- **What the task requires**: Repeat only the lines below that run from the line with "Сешанба куни Миср" to the line with "該產線由高速多針紡縫機、鎖四", ends included; skip every picture.

Recorded data
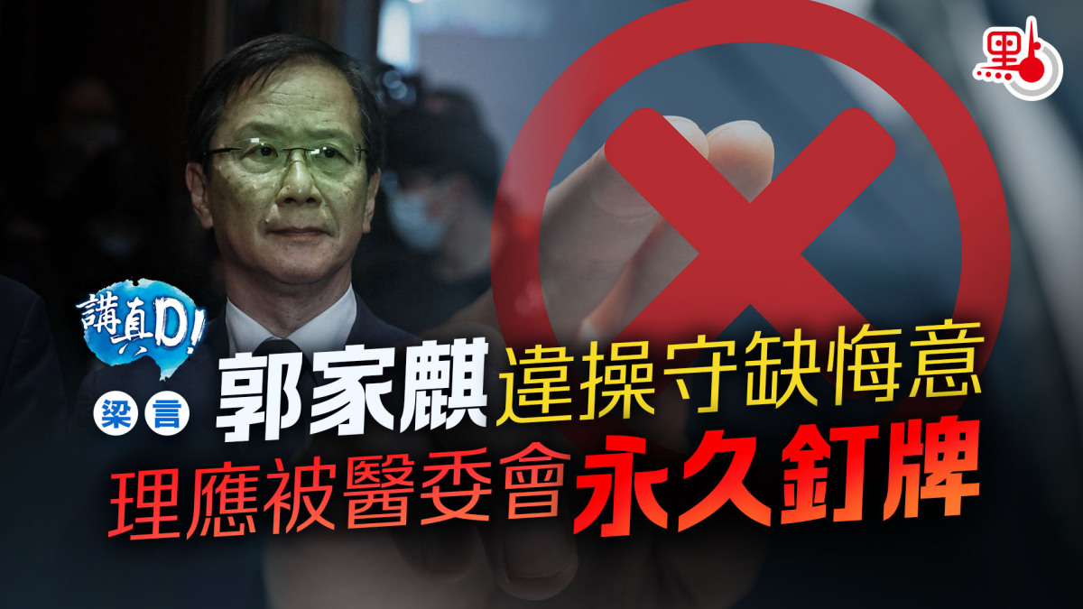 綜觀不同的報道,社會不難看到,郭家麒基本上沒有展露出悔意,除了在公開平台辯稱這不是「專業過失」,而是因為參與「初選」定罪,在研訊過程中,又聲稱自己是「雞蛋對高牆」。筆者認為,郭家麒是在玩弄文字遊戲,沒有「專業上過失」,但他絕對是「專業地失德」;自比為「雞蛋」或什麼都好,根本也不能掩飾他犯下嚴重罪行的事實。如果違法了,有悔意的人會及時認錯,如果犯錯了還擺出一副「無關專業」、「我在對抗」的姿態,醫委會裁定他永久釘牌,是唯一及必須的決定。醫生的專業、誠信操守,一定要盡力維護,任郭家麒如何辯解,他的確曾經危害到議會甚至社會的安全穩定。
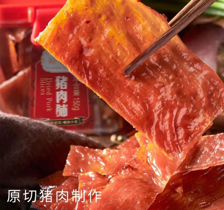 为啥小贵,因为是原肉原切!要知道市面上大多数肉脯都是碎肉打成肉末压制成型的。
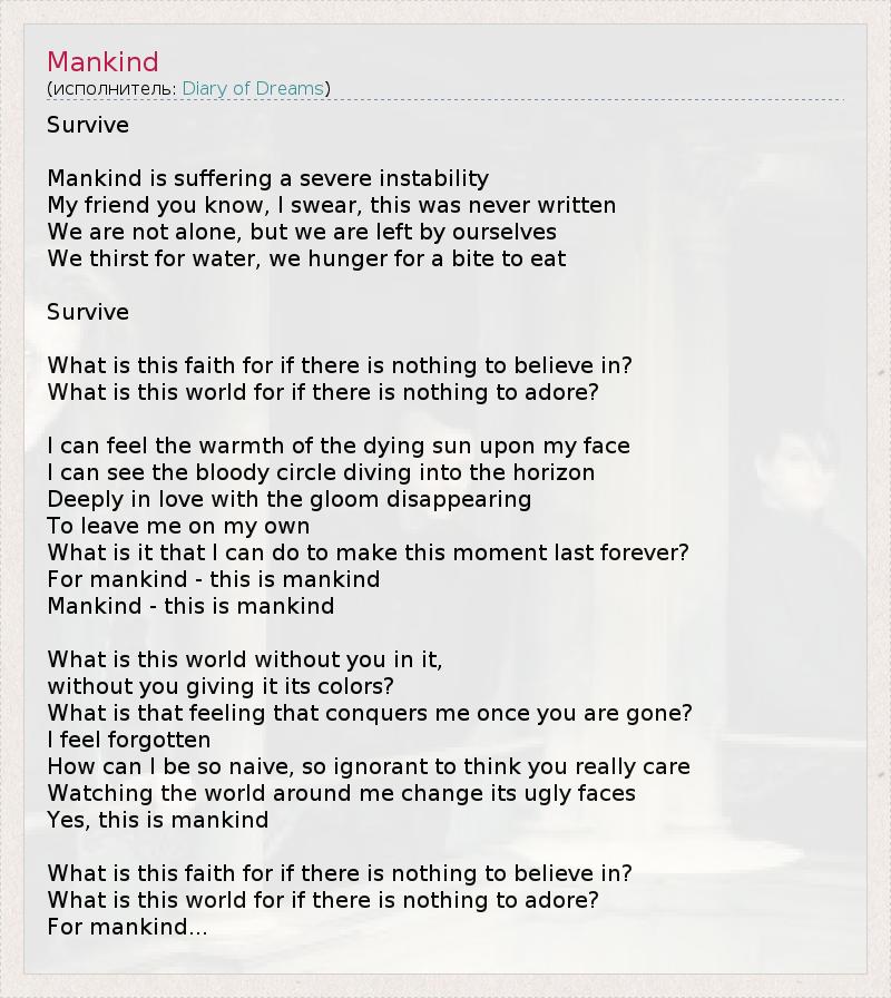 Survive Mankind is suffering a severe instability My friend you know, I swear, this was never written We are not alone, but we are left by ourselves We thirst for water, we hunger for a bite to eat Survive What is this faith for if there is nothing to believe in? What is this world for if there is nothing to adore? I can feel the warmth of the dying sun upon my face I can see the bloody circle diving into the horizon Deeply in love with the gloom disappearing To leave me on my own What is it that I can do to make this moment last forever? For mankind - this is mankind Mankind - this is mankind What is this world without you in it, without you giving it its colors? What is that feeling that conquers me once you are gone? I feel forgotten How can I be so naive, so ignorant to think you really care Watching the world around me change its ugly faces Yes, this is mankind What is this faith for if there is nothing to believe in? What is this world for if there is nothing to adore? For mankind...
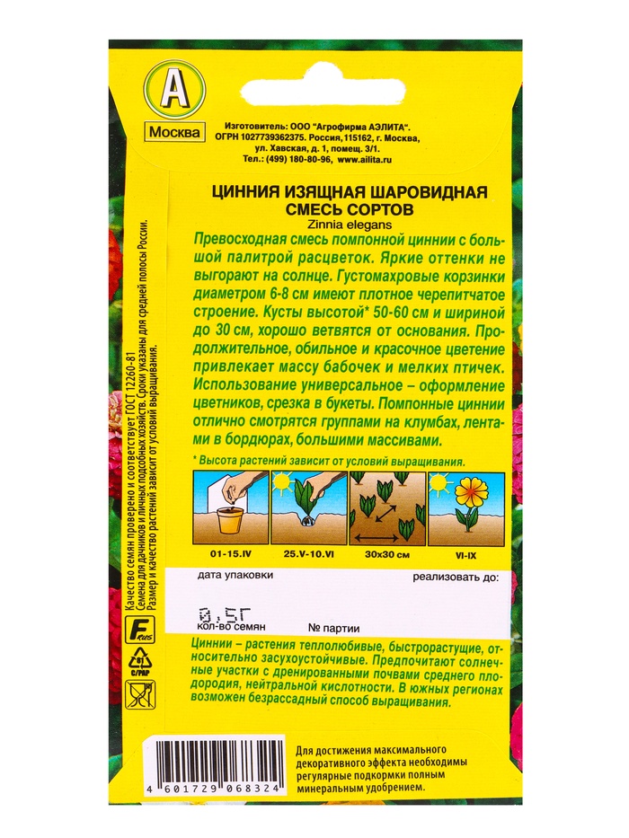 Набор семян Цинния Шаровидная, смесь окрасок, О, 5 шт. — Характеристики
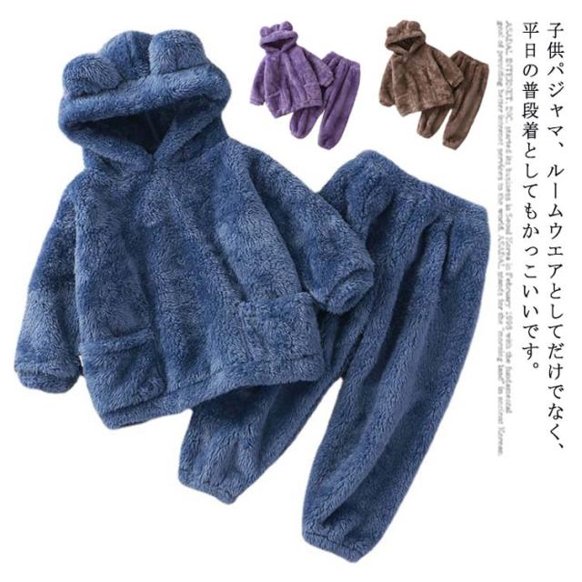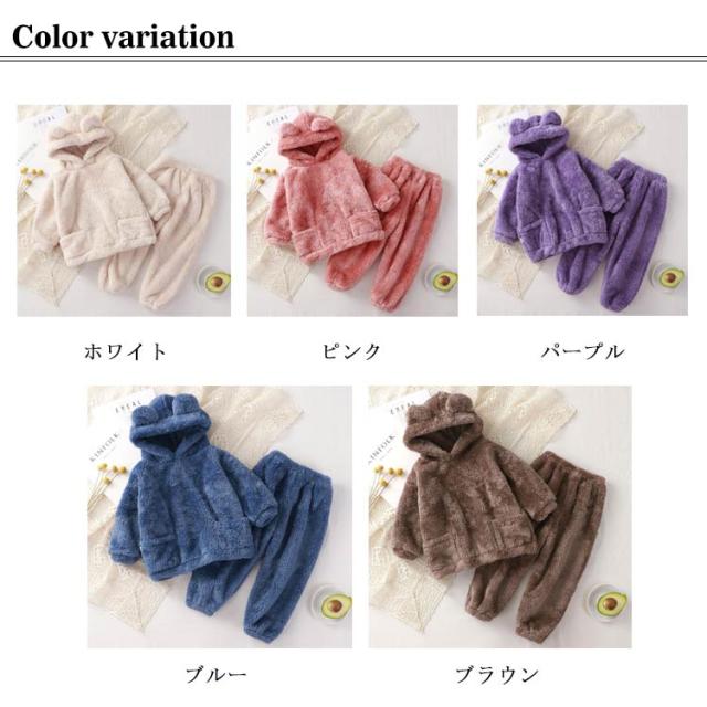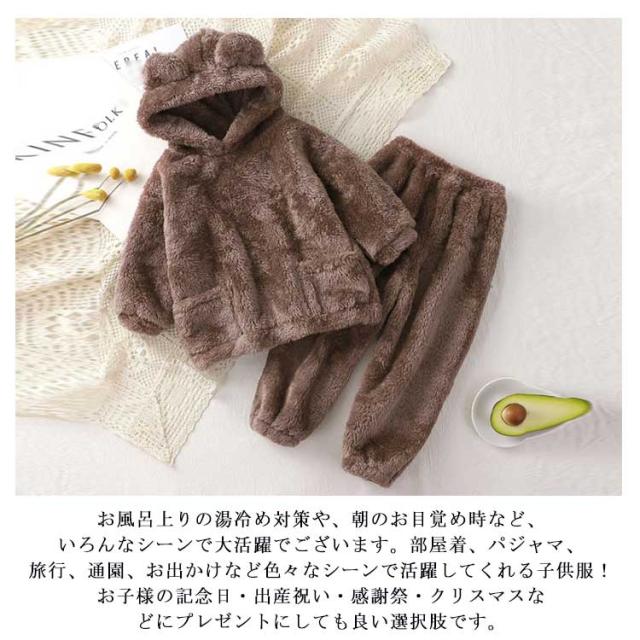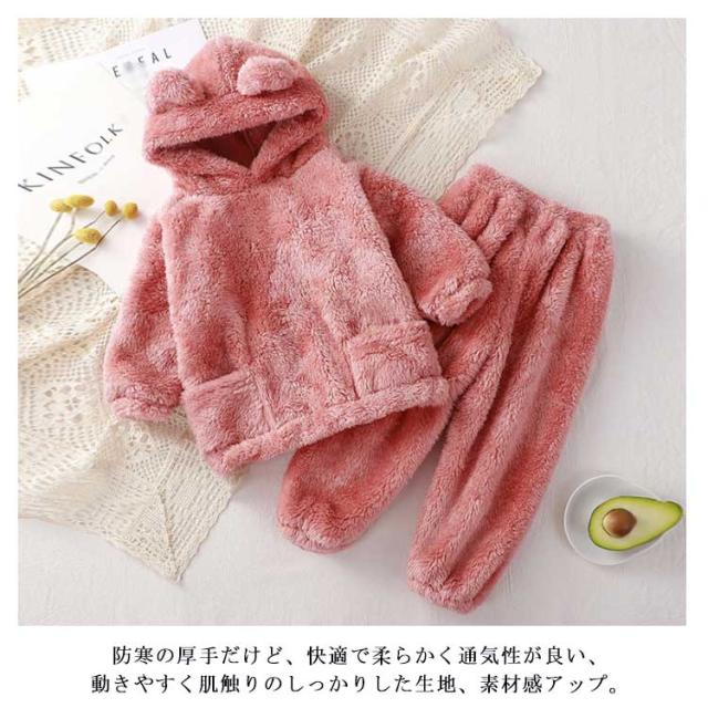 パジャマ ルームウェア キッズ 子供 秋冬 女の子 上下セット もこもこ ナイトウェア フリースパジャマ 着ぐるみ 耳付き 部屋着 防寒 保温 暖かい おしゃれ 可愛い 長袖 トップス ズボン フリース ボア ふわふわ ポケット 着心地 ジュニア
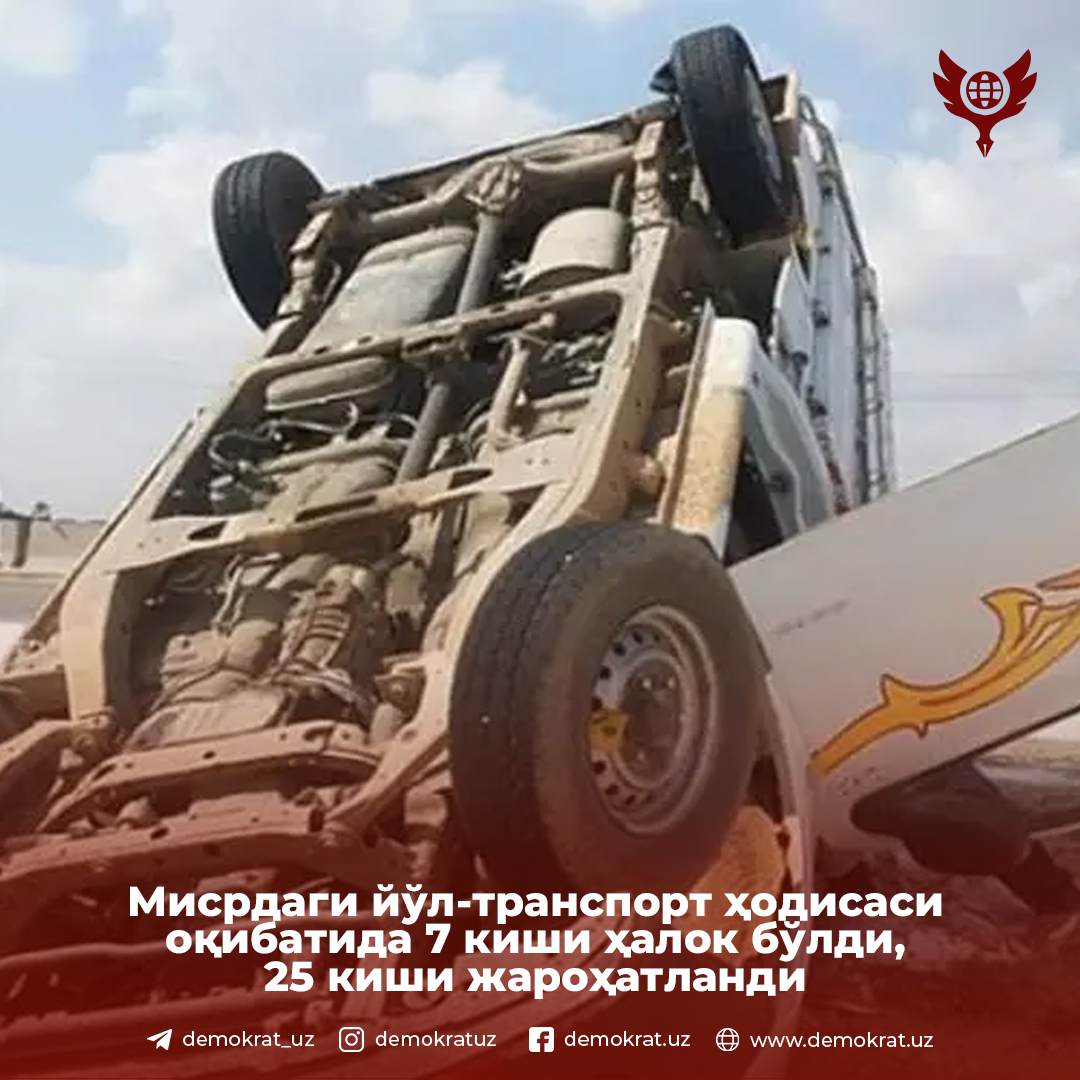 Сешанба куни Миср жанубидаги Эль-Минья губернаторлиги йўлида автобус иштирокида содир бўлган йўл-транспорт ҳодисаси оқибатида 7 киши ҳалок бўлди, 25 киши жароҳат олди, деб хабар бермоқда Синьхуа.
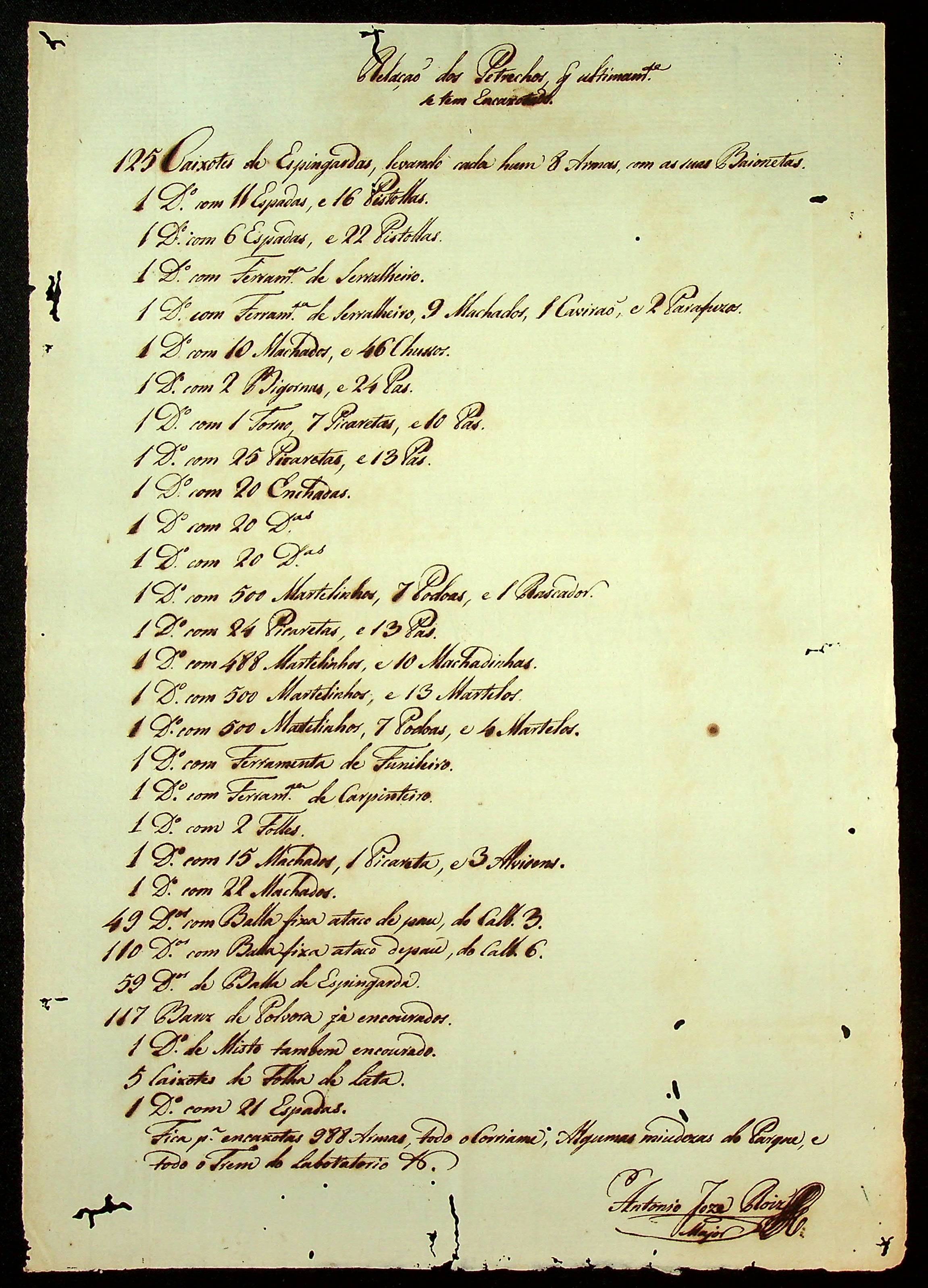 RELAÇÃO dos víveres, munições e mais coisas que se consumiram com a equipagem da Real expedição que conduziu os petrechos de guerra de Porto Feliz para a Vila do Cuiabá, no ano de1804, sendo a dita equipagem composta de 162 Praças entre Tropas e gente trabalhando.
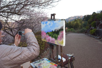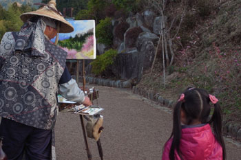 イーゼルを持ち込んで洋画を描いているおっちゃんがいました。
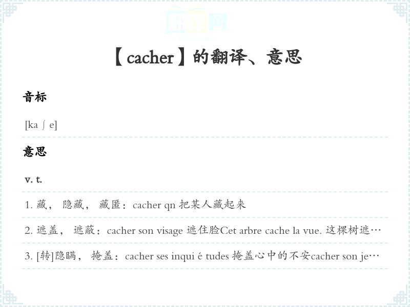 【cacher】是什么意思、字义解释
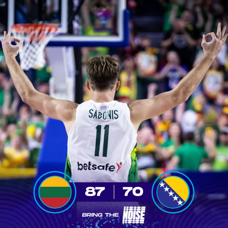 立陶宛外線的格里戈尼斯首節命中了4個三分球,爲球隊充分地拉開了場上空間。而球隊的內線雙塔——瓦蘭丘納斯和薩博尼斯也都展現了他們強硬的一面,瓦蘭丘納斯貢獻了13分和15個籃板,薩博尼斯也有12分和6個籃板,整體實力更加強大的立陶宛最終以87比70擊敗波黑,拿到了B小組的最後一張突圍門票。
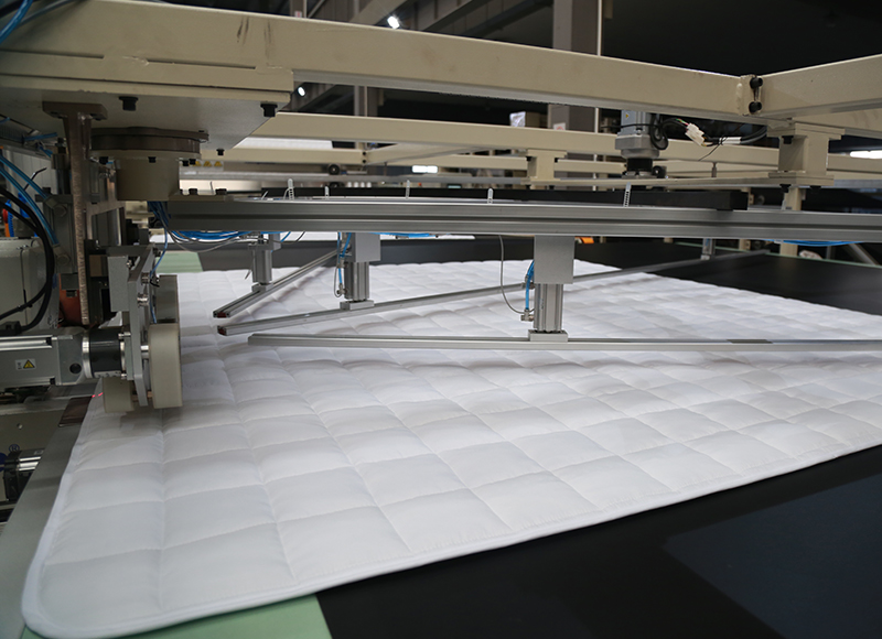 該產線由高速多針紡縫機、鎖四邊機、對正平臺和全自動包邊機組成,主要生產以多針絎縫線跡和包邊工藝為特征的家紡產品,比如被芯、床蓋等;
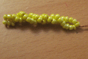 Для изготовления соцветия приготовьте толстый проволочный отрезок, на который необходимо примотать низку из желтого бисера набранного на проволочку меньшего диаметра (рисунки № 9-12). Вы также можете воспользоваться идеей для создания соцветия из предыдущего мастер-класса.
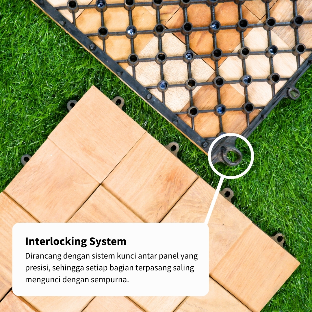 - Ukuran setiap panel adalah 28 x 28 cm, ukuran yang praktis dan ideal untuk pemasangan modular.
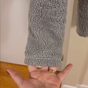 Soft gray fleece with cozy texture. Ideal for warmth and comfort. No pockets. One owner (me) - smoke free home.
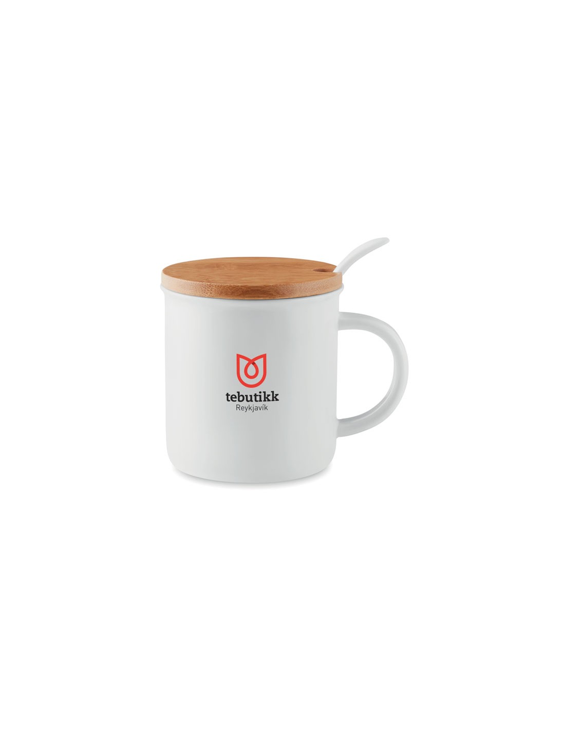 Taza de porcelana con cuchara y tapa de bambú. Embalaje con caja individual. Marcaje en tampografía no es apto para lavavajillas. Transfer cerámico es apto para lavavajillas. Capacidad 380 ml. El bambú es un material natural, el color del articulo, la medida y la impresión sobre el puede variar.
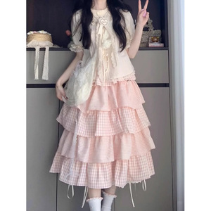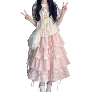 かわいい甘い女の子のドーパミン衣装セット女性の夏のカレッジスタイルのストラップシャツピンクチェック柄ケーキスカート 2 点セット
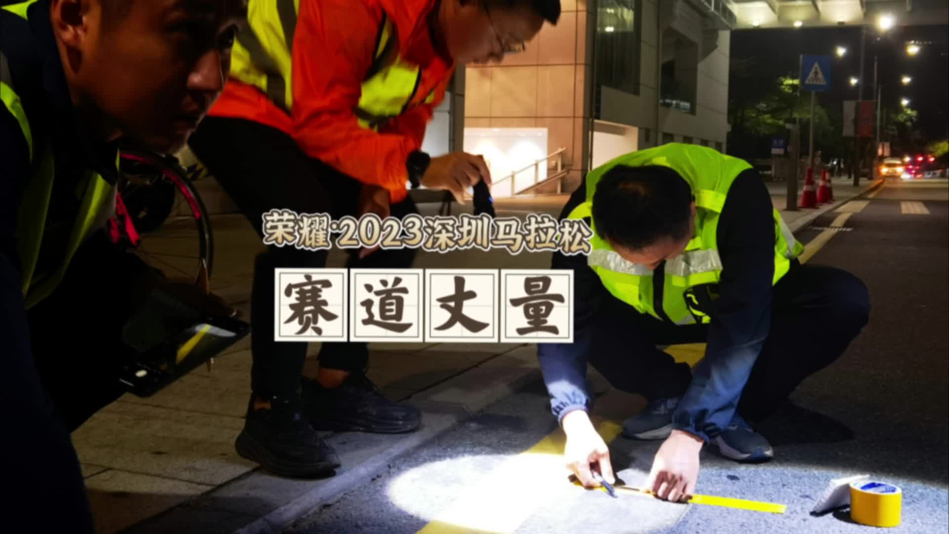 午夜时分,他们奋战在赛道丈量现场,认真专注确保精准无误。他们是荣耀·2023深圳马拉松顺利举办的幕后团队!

- **Task result**:
 Сешанба куни Миср жанубидаги Эль-Минья губернаторлиги йўлида автобус иштирокида содир бўлган йўл-транспорт ҳодисаси оқибатида 7 киши ҳалок бўлди, 25 киши жароҳат олди, деб хабар бермоқда Синьхуа.
 RELAÇÃO dos víveres, munições e mais coisas que se consumiram com a equipagem da Real expedição que conduziu os petrechos de guerra de Porto Feliz para a Vila do Cuiabá, no ano de1804, sendo a dita equipagem composta de 162 Praças entre Tropas e gente trabalhando.
 イーゼルを持ち込んで洋画を描いているおっちゃんがいました。
 【cacher】是什么意思、字义解释
 立陶宛外線的格里戈尼斯首節命中了4個三分球,爲球隊充分地拉開了場上空間。而球隊的內線雙塔——瓦蘭丘納斯和薩博尼斯也都展現了他們強硬的一面,瓦蘭丘納斯貢獻了13分和15個籃板,薩博尼斯也有12分和6個籃板,整體實力更加強大的立陶宛最終以87比70擊敗波黑,拿到了B小組的最後一張突圍門票。
 該產線由高速多針紡縫機、鎖四邊機、對正平臺和全自動包邊機組成,主要生產以多針絎縫線跡和包邊工藝為特征的家紡產品,比如被芯、床蓋等;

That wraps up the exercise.